WHEREAS, Section 9.8 of the Existing Warrant Agreement provides that the Company and the Warrant Agent may amend, subject to certain conditions provided therein, the Existing Warrant Agreement with the vote or written consent of the Registered Holders of 50% of the then outstanding Public Warrants;
WHEREAS, the Company desires to amend the Existing Warrant Agreement to provide the Company with the right to require the holders of the Public Warrants to exchange all of the outstanding Public Warrants for shares of Common Stock, on the terms and subject to the conditions set forth herein; and
WHEREAS, in the exchange offer and consent solicitation undertaken by the Company pursuant to the Registration Statement on Form S-4 filed with the U.S. Securities and Exchange Commission, the Registered Holders of 50% of the then outstanding Warrants (including, for the avoidance of doubt, the Registered Holders of 50% of the then outstanding Public Warrants) consented to and approved this Amendment.

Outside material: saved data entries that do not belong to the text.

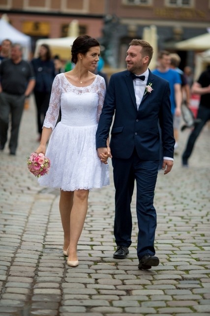 Sprzedam piękną suknię ślubną. Krótką. Zakupioną w 2016 w salonie sukien ślubnych Madleine, przy ulicy Głogowskiej w Poznaniu.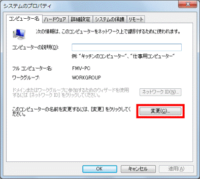 - 「コンピューター名/ドメイン名の変更」が表示されます。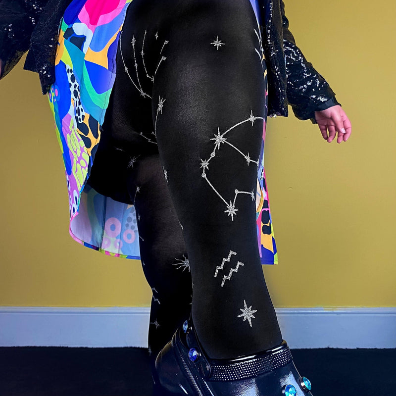 Zodiac pattern tights are a must for any Aquarius. A stunning starry constellation glitter print on a black base. They're designed to fit everybody and look great on all legs. They're comfy, stretchy and won't roll down or dig in. Just tights that really fit.
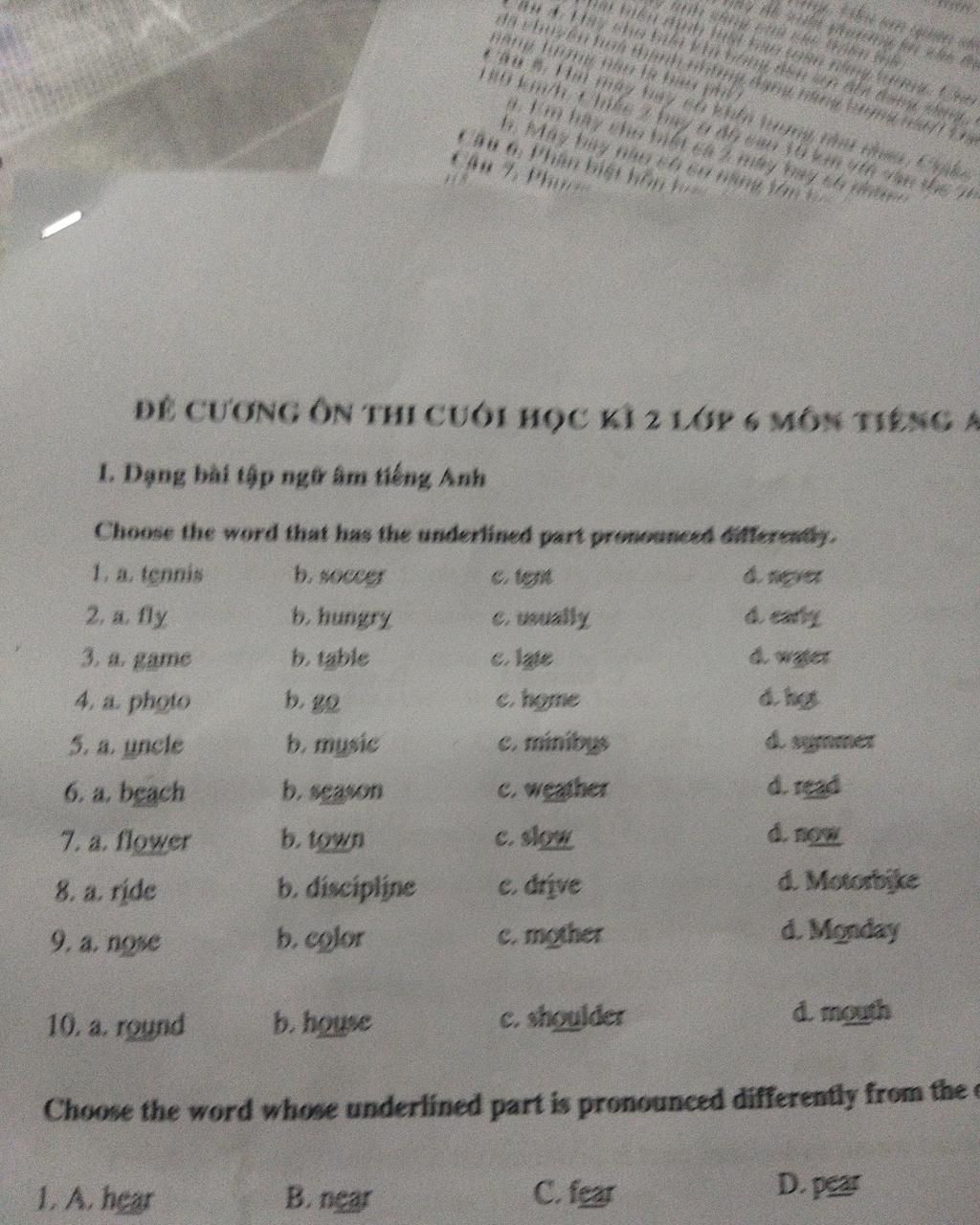 `10. C` (/əʊ/ còn lại là /aʊ/)

NOW, THEREFORE, in consideration of the mutual agreements contained herein and other good and valuable consideration, the receipt and sufficiency of which are hereby acknowledged, and intending to be legally bound hereby, the parties hereto agree to amend the Existing Warrant Agreement as set forth herein.
1. Amendment of Existing Warrant Agreement . The Existing Warrant Agreement is hereby amended by adding the new Section 6A thereto:
6A Mandatory Exchange .
6A.1 Company Election to Exchange . Notwithstanding any other provision in this Agreement to the contrary, all (and not less than all) of the outstanding Warrants may be exchanged, at the option of the Company, at any time while they are exercisable and prior to their expiration, at the office of the Warrant Agent, upon notice to the Registered Holders of the outstanding Warrants, as described in Section 6A.2 below, for shares of Common Stock, at the exchange rate of 0.261 shares of Common Stock for each Warrant held by the holder thereof (the Consideration ) (subject to equitable adjustment by the Company in the event of any stock splits, stock dividends, recapitalizations or similar transaction with respect to the Common Stock). In lieu of issuing fractional shares, any holder of Warrants who would otherwise have been entitled to receive fractional shares as Consideration will, after aggregating all such fractional shares of such holder, be paid in cash (without interest) in an amount equal to such fractional part of a share multiplied by 11.34.

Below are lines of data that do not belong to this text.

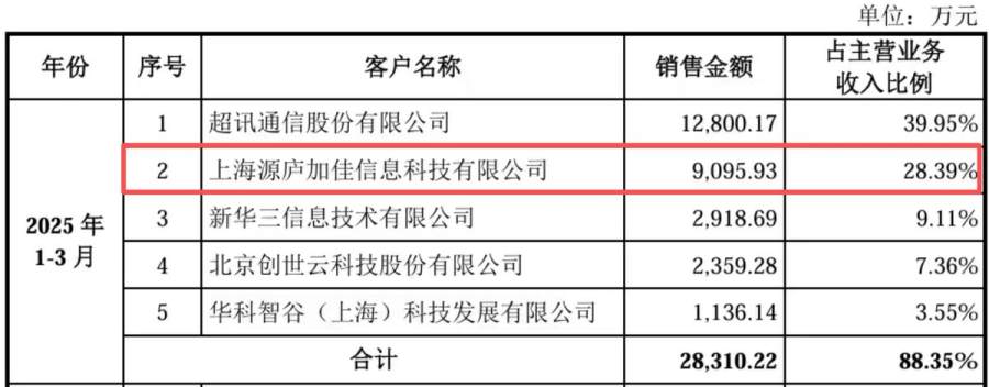 在沐曦股份的大客户名单中,源庐加佳的定位尤为特殊,为沐曦股份申报前十二个月新增股东,并在2025年一季度首次成为前五大客户。就二者是否存在关联关系,相关交易是否公允等问题,上交所在第二轮问询中予以重点关注。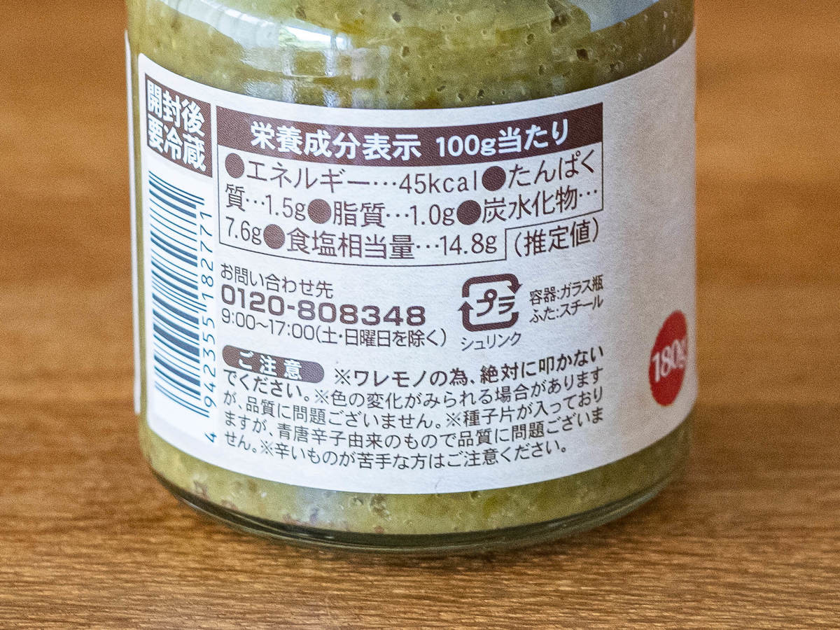 柚子こしょうの鮮やかなグリーンが瓶の外側からもよく見え、色合いもとてもきれいです。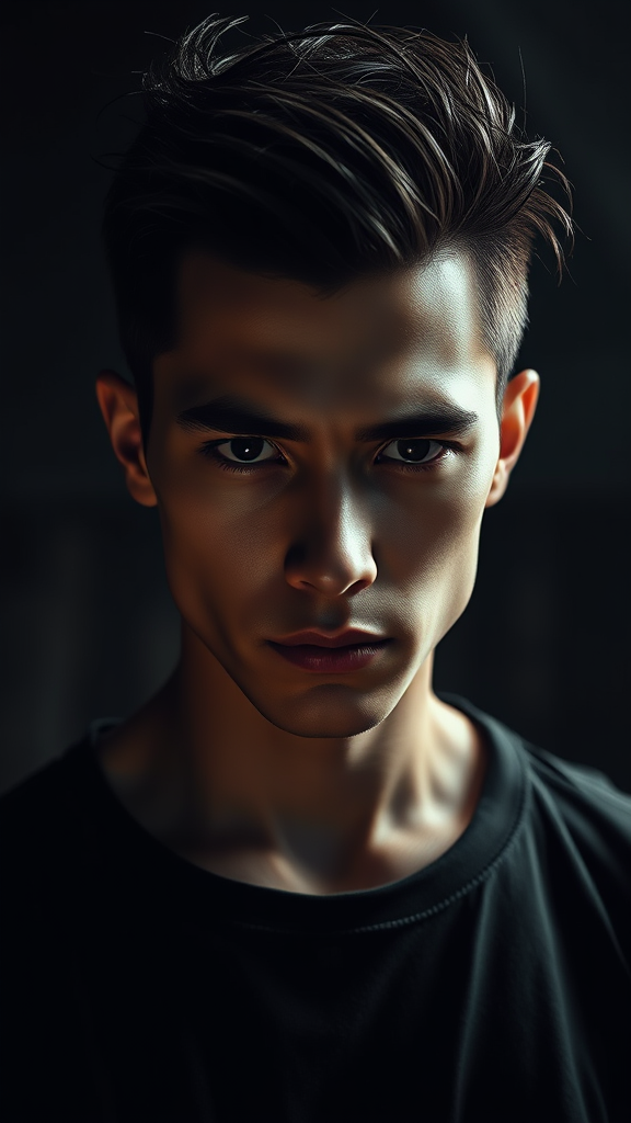 Three-quarter close-up portrait of a 30-year-old man with a slender athletic figure and a captivating face showing a frowning yet innocent expression, complemented by intricately styled hair. The backdrop is oppressive and contrasting, creating a dramatic and expressive mood with elements of a gloomy horror atmosphere. The cinematic shot is captured from below using a DSLR with settings of aperture f/7, shutter speed 1/100 sec, and ISO 150, highlighting super detailed, hyper photorealistic textures with natural reflections. The scene is illuminated by striking backlighting that enhances the emotional depth of the background, adding layers of cinematic and anime-inspired lighting. The overall composition maintains a sense of symmetry within its intricacy, avoiding distortions such as deformities or bad anatomy, and ensuring all proportions are realistic and aesthetically pleasing.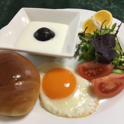 バターロール、目玉焼き、リーフサラダ、ブロッコリーとトマト、黄金柑、ヨーグルトと冷凍巨峰。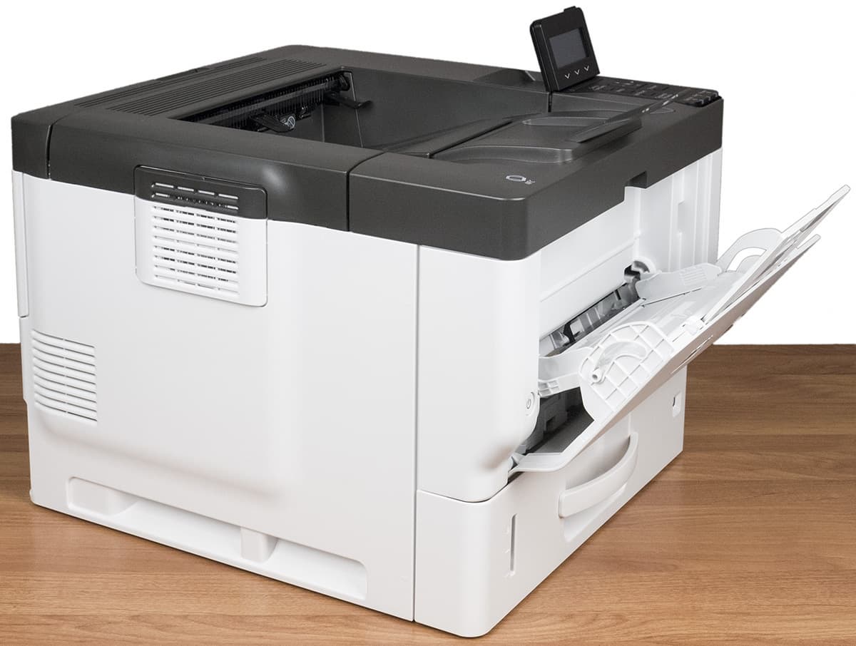 Относительно подающих лотков в официальных материалах не все понятно сразу. Так, на русскоязычной странице сайта компании указано «Запас бумаги: станд. — 500 листов» без уточнения, какая именно бумага имеется в виду и сколько вмещает каждый из двух штатных лотков. В таблице мы привели данные для обоих этих лотков из инструкции пользователя, но там есть пометка: это для «Обычная бумага 1», а такая установка подразумевает диапазон от 66 до 74 г/м², то есть плотность ниже, чем у наиболее распространенной в России офисной бумаги 80 г/м², которой должно помещаться немного поменьше.

6A.2 Date Fixed for, and Notice of, Exchange . In the event that the Company elects to exchange all of the Warrants, the Company shall fix a date for the exchange (the Exchange Date ). Notice of exchange shall be mailed by first class mail, postage prepaid, by the Company not less than fifteen (15) days prior to the Exchange Date to the registered holders of the Warrants at their last addresses as they shall appear on the registration books. Any notice mailed in the manner herein provided shall be conclusively presumed to have been duly given whether or not the registered holder received such notice. The Company will make a public announcement of its election following the mailing of such notice.
6A.3 Exercise After Notice of Exchange . The Warrants may be exercised, for cash (or on a cashless basis in accordance with subsection 3.3.1(b) of this Agreement) at any time after notice of exchange shall have been given by the Company pursuant to Section 6A.2 hereof and prior to the Exchange Date. On and after the Exchange Date, the Registered Holder of the Warrants shall have no further rights except to receive, upon surrender of the Warrants, the Consideration.

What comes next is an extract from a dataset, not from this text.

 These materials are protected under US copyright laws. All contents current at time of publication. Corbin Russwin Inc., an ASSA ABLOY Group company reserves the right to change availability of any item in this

2. Miscellaneous Provisions .
2.1 Severability . This Amendment shall be deemed severable, and the invalidity or unenforceability of any term or provision hereof shall not affect the validity or enforceability of this Amendment or of any other term or provision hereof. Furthermore, in lieu of any such invalid or unenforceable term or provision, the parties hereto intend that there shall be added as a part of this Amendment a provision as similar in terms to such invalid or unenforceable provision as may be possible and be valid and enforceable.
2.2 Applicable Law . The validity, interpretation, and performance of this Amendment and of the Warrants shall be governed in all respects by the laws of the State of New York, without giving effect to conflicts of law principles that would result in the application of the substantive laws of another jurisdiction. The Company hereby agrees that any action, proceeding or claim against it arising out of or relating in any way to this Amendment shall be brought and enforced in the courts of the State of New York or the United States District Court for the Southern District of New York, and irrevocably submits to such jurisdiction, which jurisdiction shall be exclusive. The Company hereby waives any objection to such exclusive jurisdiction and that such courts represent an inconvenient forum.
2.3 Counterparts . This Amendment may be executed in any number of original or facsimile counterparts and each of such counterparts shall for all purposes be deemed to be an original, and all such counterparts shall together constitute but one and the same instrument.
2.4 Effect of Headings . The section headings herein are for convenience only and are not part of this Amendment and shall not affect the interpretation thereof.
2.5 Entire Agreement . The Existing Warrant Agreement, as modified by this Amendment, constitutes the entire understanding of the parties and supersedes all prior agreements, understandings, arrangements, promises and commitments, whether written or oral, express or implied, relating to the subject matter hereof, and all such prior agreements, understandings, arrangements, promises and commitments are hereby canceled and terminated.
[ Signature Pages Follow ]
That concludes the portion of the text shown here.